# Bow Building Tools...(Draw Knives)



## notnksnemor (Jun 22, 2008)

I'm going to take the plunge and try to build a self bow. Had to get some tools. 
Stopped at a flea market in N. Georgia while on a trip and bought these....
Is this a good start for required tools? I've got rasps and files. Trying to do this without power tools like Bam-Bam would, thanks for the obsession Chris.
Also, any pointers on how to use a draw knife would be most welcome.


----------



## Vernon Holt (Jun 22, 2008)

Two matters which will make working with a drawknife much more efficient:

1).  Make sure the drawknife is very sharp and flat on the bottom surface.

2).  You really need a shaving horse to hold your workpiece.  It would pay you to take time and build one if your interest in building bows is very great.

http://www.greenwoodworking.com/shorse.htm


----------



## dutchman (Jun 22, 2008)

Good link, Mr. Vernon. 

Rick, I can't wait to see the work in progress.
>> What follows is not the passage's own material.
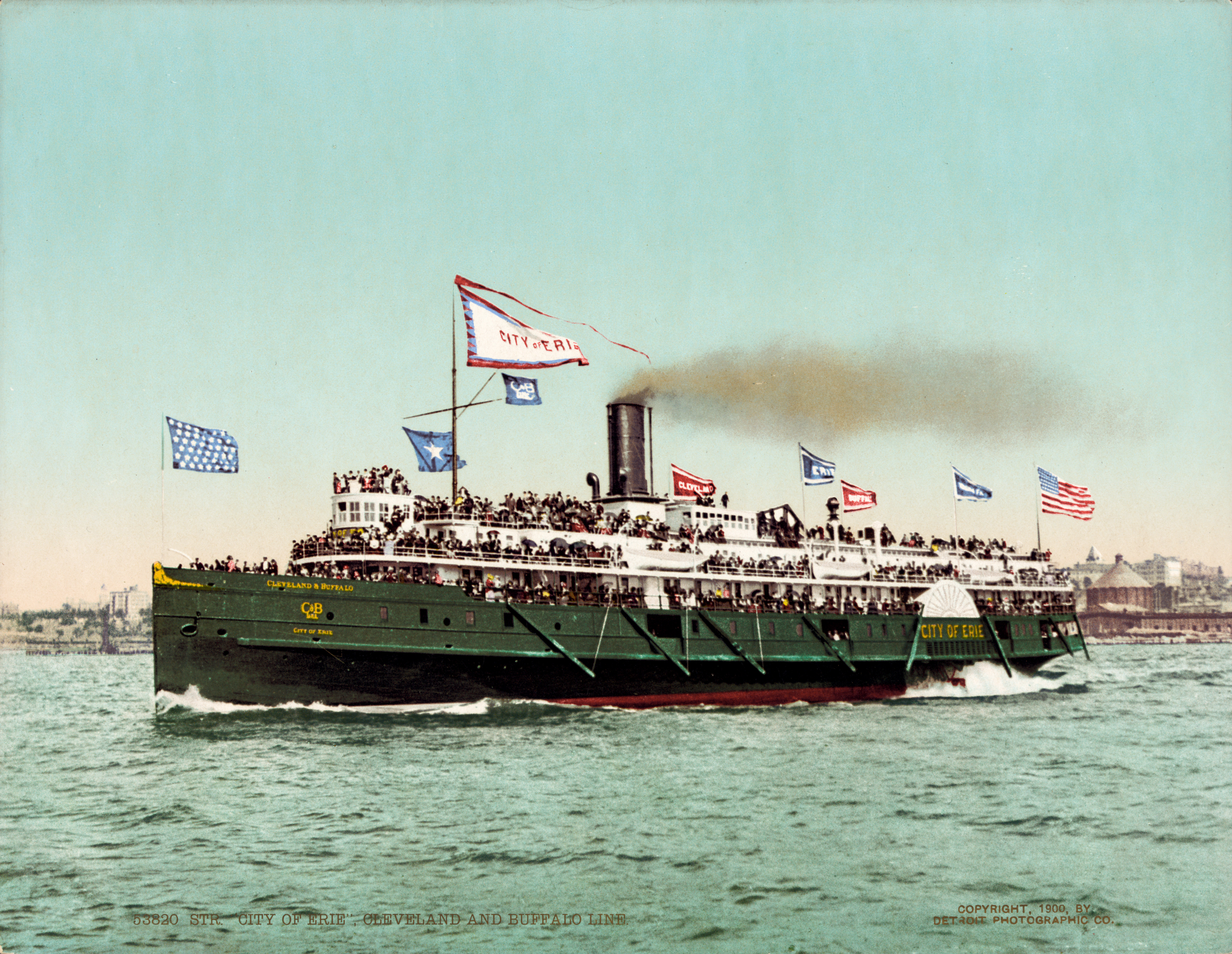 53820. Str. "City of Erie". Cleveland and Buffalo Line. Paddle steamer "City of Erie", winner of a famous race from Cleveland to Erie against the White Star Line steamer "Tashmoo".

Be sure to have the Mrs. take plenty of pictures for you to post!


----------



## notnksnemor (Jun 22, 2008)

dutchman said:


> Good like, Mr. Vernon.
> 
> Rick, I can't wait to see the work in progress. Be sure to have the Mrs. take plenty of pictures for you to post!



This should be good for a few laughs from the learned woodworkers here. This will be a "What you shouldn't do" thread. Too bad you can't build a bow out of electricity, that I know.
Got a lot of hickory on the ground at the lease. Gonna start from there, finding a suitable piece of wood.
If I can get the hang of it, I'll move on to other woods.
Thanks for the encouraging words..we'll see where this goes.


----------



## Redbow (Jun 22, 2008)

Yeah a drawknife is good for making bows, and rasps and files are very handy too! With a drawknife you need a good bowyers bench to hold your wood so you can work. A draw knife will take off more wood than you want it to if you aren't careful with it!
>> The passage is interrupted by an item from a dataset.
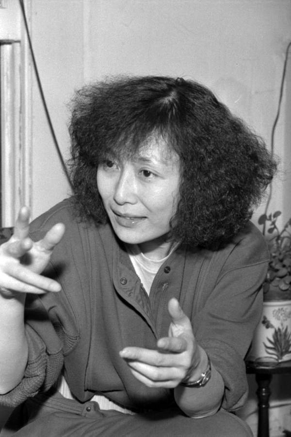 Portrait of Christine Choy, film maker - Tallahassee, Florida.

I use a Stanley Sureform, a four way rasp, and a chain saw file to cut the nocks in my bows! Plenty of sandpaper helps as well !

I wish you good luck with your new undertaking !


----------



## GAnaturalist (Jun 22, 2008)

I found my favorite drawknife at a flea market. 

I use a Black&Decker work bench I got from lowes, but most of the time old foot push bench is the best, they weigh more, and won't jump around like the Black&Decker workmate.


----------



## Nicodemus (Jun 22, 2008)

Good luck Rick! Post your results.


----------



## Buck111 (Jun 22, 2008)

1. Keep 'em sharp.
2. Don't bounce 'em off your chest.


----------



## Nugefan (Jun 23, 2008)

go for it Rick I too know electricity but have faith in you .....


 I just cracked the hicory 1 I made this weekend shootin' it .....


----------



## deerstand (Jun 24, 2008)

a good cabinet scrapper is useful too when you get down to doing some fine tillering. it will remove small even layers of wood. a good book to read would be the traditional bowers bible vol 1.


----------